Companhia Urbanizadora da Nova Capital do Brasil

NOV.D.1 (1)

"Fotografia em cores, formato paisagem. Exposição de divulgação sobre a construção da nova capital do Brasil, Brasília, sem identificação do local e da data. Na parte inferior da fotografia, percebe-se uma luminária apontada para a maquete física do Palácio da Alvorada. Ao redor da maquete, há quatro figuras humanas masculinas e quatro femininas observando atentamente à maquete. Todos estão com vestes formais como ternos, vestidos, colares e brincos de pérolas. Atrás dos observadores, dois painéis, um à esquerda e outro à direita, possuem fotografias de diversos ângulos da maquete do Palácio da Alvorada. Ao fundo, uma cortina branca e quatro colunas cromadas. Além disso, é possível ver a fachada de vidro do edifício ao qual está sendo realizada a exposição bem como mais ao fundo, a fachada de outro prédio.
É possível observar algumas figuras humanas masculinas e femininas desta fotografia no item NOV-D-4-4-D-1 (2).
CONTEXTO HISTÓRICO DAS EXPOSIÇÕES:
“Há um grande e permanente interêsse, em todo o mundo, pela edificação da nova capital do Brasil. A obra arquitetônica e urbanística, bem como o alcance econômico, político, administrativo e social de Brasília, são objeto de numerosas reportagens, comentários e estudos nos principais órgãos estrangeiros. A experiência de Brasília, pelo que encerra de novidade revolucionária e de arrojado pioneirismo, é apreciada nos seus pormenores e divulgada em têrmos que satisfazem ao mesmo tempo a atenção dos técnicos, políticos e administradores, e à curiosidade da opinião pública.” (Revista Brasília - nº 8, p. 14, 1957).

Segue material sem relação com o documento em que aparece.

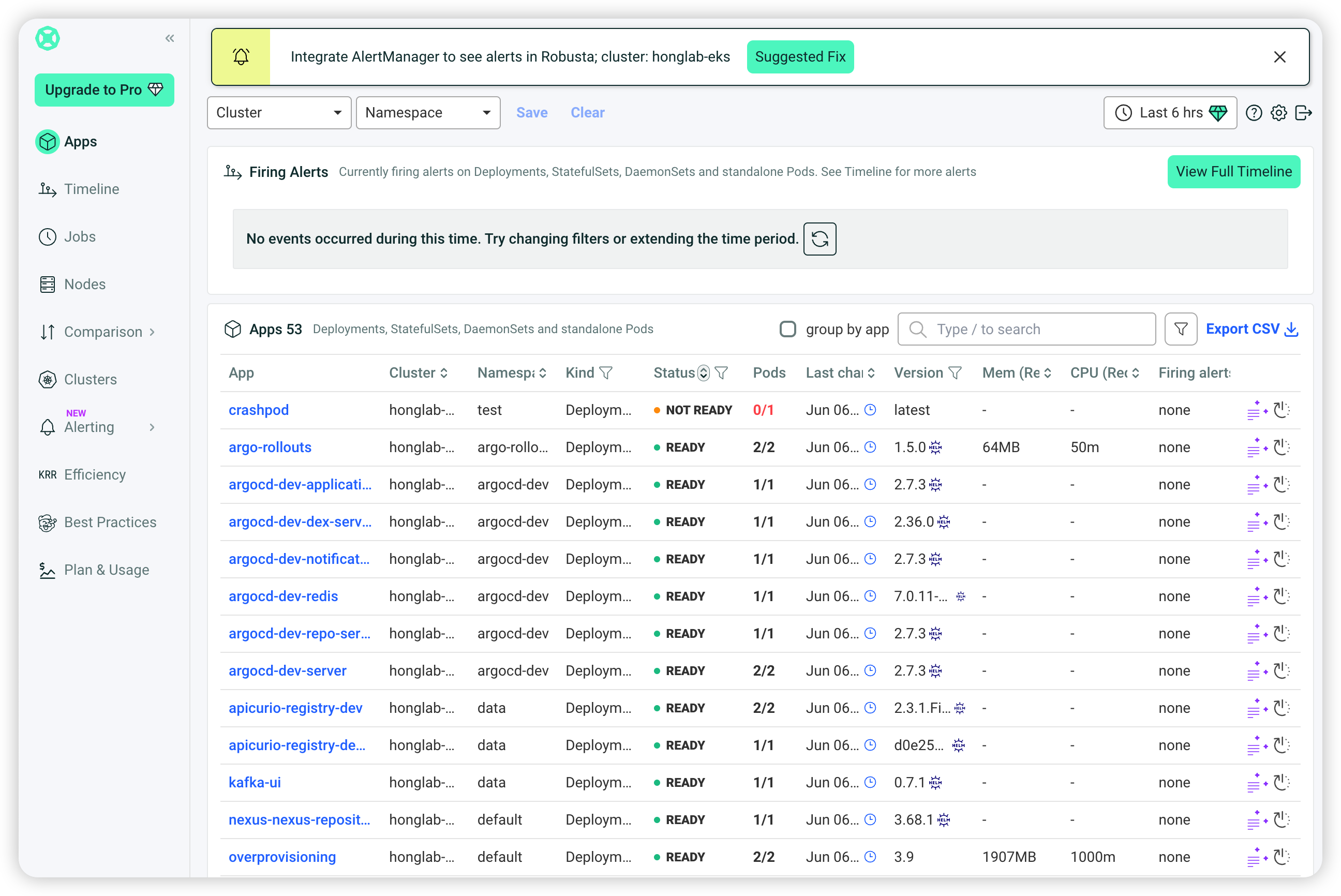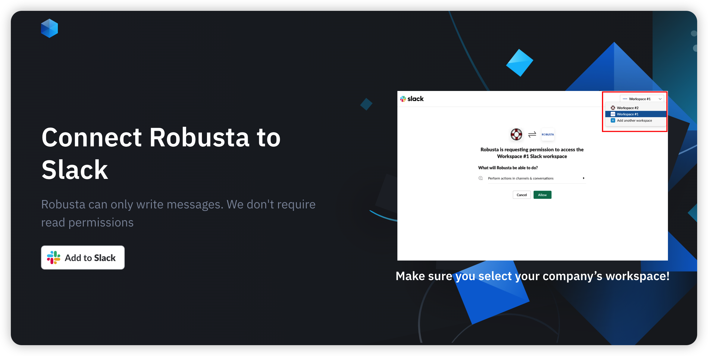 Finish installing with Helm (see the Robusta docs). Then login to Robusta UI at https://platform.robusta.dev
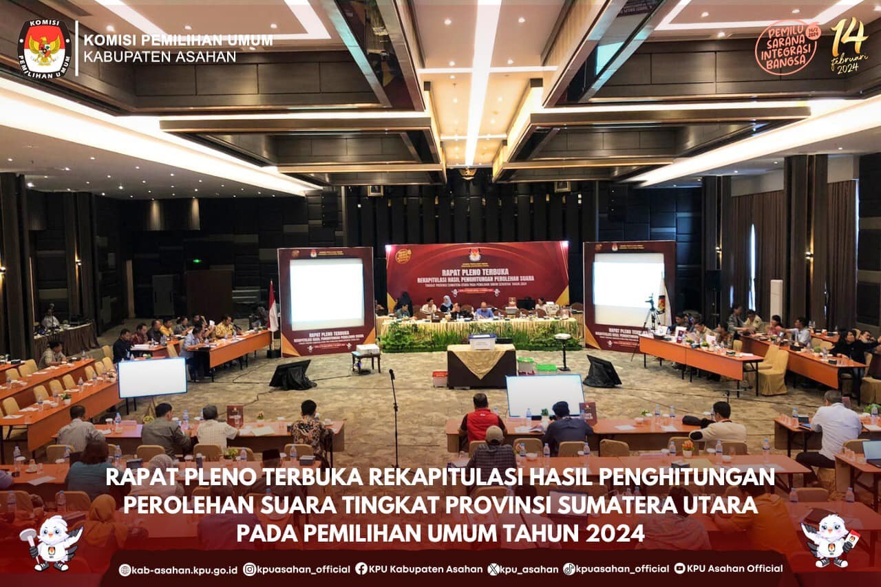 KPU Asahan melaksanakan Rapat Pleno Rekapitulasi dan Penetapan Rekapitulasi Hasil Penghitungan Perolehan Suara Tingkat Kabupaten Asahan Pada Pemilihan Umum Tahun 2024 bertempat di Hotel Antariksa Kisaran, Rabu 28 Februari 2024 s.d Senin 4 Maret 2024. Pelaksanaan Rapat Pleno Rekapitulasi ini merupakan tahap terakhir dalam tahapan Pemilu tahun 2024 yang dilaksanakan secara berjenjang, baik mulai dari kecamatan yang diselenggarakan oleh Panitia Pemilihan Kecamatan (PPK), lalu tingkat Kabupaten oleh KPU Kabupaten Asahan hingga nanti ke tingkat nasional oleh KPU RI. Pada tingkat Kabupaten Asahan dilaksanakan rekapitulasi pada Jenis Pemilihan PPWP, DPR, DPD, DPRD Provinsi Sumatera Utara dan DPRD Kabupaten Asahan dibacakan secara berurutan oleh masing-masing Panitia Pemilihan Kecamatan. Setelah proses rekapitulasi penghitungan suara selesai, dilaksanakan pencermatan hasil rekapitulasi bersama Bawaslu Asahan dan saksi yang hadir, kemudian dilanjutkan penandatangan oleh KPU Asahan dan semua saksi yang hadir pada D-Hasil Kabupaten dan ditutup dengan pembagian D-Hasil Kabupaten yang telah ditetapkan oleh KPU Asahan kepada Bawaslu Asahan dan saksi-saksi. Kegiatan ini dihadiri oleh Ketua dan Anggota KPU Asahan, Sekretaris dan Jajaran Sekretariat KPU Asahan, Bawaslu Asahan, Saksi Pasangan Calon Presiden dan Wakil Presiden, Saksi Partai Politik Peserta Pemilu dan Saksi Calon Anggota DPD Peserta Pemilu Tingkat Kabupaten Asahan, Pemantau Pemilu serta Panitia Pemilihan Se-Kabupaten Asahan. Pada pelaksanaan pembukaan turut dihadiri Pemerintah Kabupaten Asahan, Kapolres Asahan. Dandim 0208, Kejaksaan Negeri Asahan dan Pengadilan Negeri Kisaran.
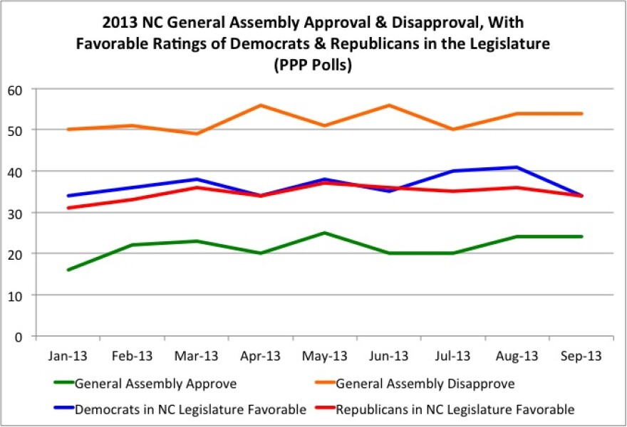 About one-quarter of respondents to Public Policy Polling said they approved of the legislature last year, and nearly half disapproved.

CONTEXTO HISTÓRICO DO PALÁCIO DA ALVORADA:
O Palácio da Alvorada, residência oficial da Presidência da República, situa-se às margens do Lago Paranoá e foi o primeiro edifício de alvenaria inaugurado em 30 de junho de 1958 no embrião de Brasília. Considerado um dos grandes ícones da Arquitetura Moderna brasileira, seu projeto foi concebido por Oscar Niemeyer (1907-2012), o engenheiro Joaquim Cardozo (1897-1978) responsabilizou-se pelo cálculo estrutural e a execução ficou a cargo da Construtora Rabello SA. É um edifício horizontalizado em concreto armado revestido de mármore branco e vedado com cortina de vidro, levemente suspenso do chão, circundado em toda sua extensão por esbeltas colunas brancas de curvas cônicas, que perpassam sua função estrutural e constituem um dos elementos mais emblemáticos da composição plástica do Palácio. Na fachada frontal, a entrada principal é direcionada por um espelho d’água, reforçando a intenção de leveza da arquitetura, e abriga a escultura “As Iaras”, obra de autoria do escultor Alfredo Ceschiatti (1918-1989). Além do edifício principal, o conjunto do Alvorada conta com bloco um semienterrado de serviço e com uma pequena capela anexa, cuja expressão pictórica remete à obra do arquiteto Modernista Le Corbusier (1887-1965) da “Chapelle Notre-Dame du Haut” (Capela Nossa Senhora das Alturas), mais conhecida como Capela Ronchamp, localizada na França. O projeto de paisagismo é de autoria de Yoichi Aikawa, na época jardineiro do Palácio Imperial do Japão, e complementado nos anos 90 pela arquiteta e paisagista Alda Rabello Cunha (1929-2021). O conjunto do Palácio da Alvorada foi tombado a nível Federal pelo Instituto do Patrimônio Histórico e Artístico Nacional (IPHAN) em 22 de abril de 2021."